Swedish safety agency Tillitis is seeking to launch a “new type of safety key:” a USB Sort-C dongle pushed by a field-programmable gate array (FPGA) operating a compact 32-bit RISC-V processor core.
“The TKey is a small laptop in a USB-C machine type issue,” the corporate writes of its creation, “that may run small purposes that are loaded onto it. The aim of TKey is to be a safe atmosphere for purposes that present a safety perform.”
The TKey is a safety dongle with none native storage, loading its utility afresh every time it is used. (📷: Tillitis)
To this point, and the TKey sounds so much like different trusted execution atmosphere initiatives. What makes the machine stand out — other than its use of an FPGA, the Lattice iCE40UP5, operating a 32-bit soft-core processor based mostly on the free and open RISC-V instruction set structure (ISA) — is that it does not really retailer knowledge itself.
“There is no such thing as a approach of storing a tool utility (or every other knowledge) on the TKey. A tool app needs to be loaded onto the TKey each time you plug it in,” Tillitis explains. ” It measures the loaded machine utility earlier than beginning it. A hash digest measurement (utilizing BLAKE2s) mixed with a Distinctive Gadget Secret (UDS) makes up a base secret we name a Compound Gadget Identifier (CDI) which may then utilized by the TKey machine app.
“If the TKey machine app is altered in any approach the CDI can also be modified. If the keys derived from the CDI are the identical because the final time the given machine app was loaded onto the identical TKey the machine app’s integrity is assured.”
The compact {hardware} dongle offers the aforementioned 32-bit RISC-V core, operating at a sedate 18MHz, for consumer purposes, together with a {hardware} execution monitor, hardware-assisted tackle randomization and RAM scrambling capabilities, a real random quantity generator (TRNG), and 128kB of application-accessible RAM — plus 2kB for the firmware and 6kB of ROM storage.
Whereas the FPGA is locked-down in the usual model, the TKey Unlocked will be reprogrammed utilizing a Raspberry Pi Pico. (📷: Tillitis)

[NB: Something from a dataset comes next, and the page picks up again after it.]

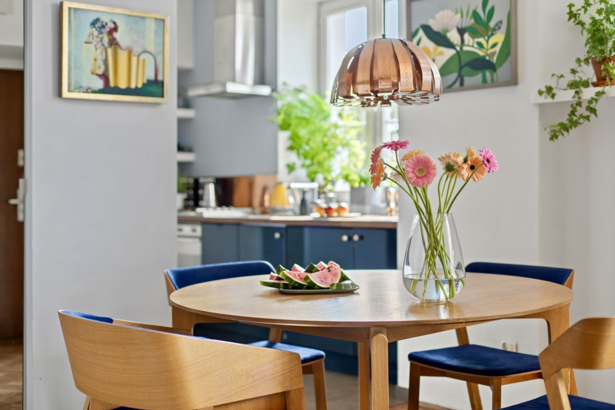 Mieszkanie znajduje się na Placu Inwalidów, na ostatnim, 4. piętrze kamienicy z 1930-1931 roku. Ma 2 pokoje i powierzchnię 64,3m². Lokal składa się z przedpokoju, półotwartej kuchni, salonu i bardzo przestronnej sypialni.

What it does not present, nevertheless, is entry to the FPGA straight. “Ultimately-user model the FPGA configuration is locked down,” the corporate explains. “This implies you can’t change the FPGA bitstream or learn out the bitstream (or the Distinctive Gadget Secret, UDS) from the configuration reminiscence, even if you happen to break the case and insert it right into a programmer board.” For individuals who need to have the ability to fiddle with the machine at a decrease degree, Tillitis offers the TKey Unlocked — a less-secure however more-hackable variant.
The corporate has launched all software program, firmware, Verilog supply code, and {hardware} design information for the undertaking on GitHub beneath the GNU Basic Public License v2.0 Solely and CERN Open {Hardware} Licence Model 2 — Strongly Reciprocal licenses respectively; extra info is accessible on the Tillitis web site. Assembled boards can be found on the Tillitis Store at $72, with a Raspberry Pi Pico-powered programming software accessible for $41.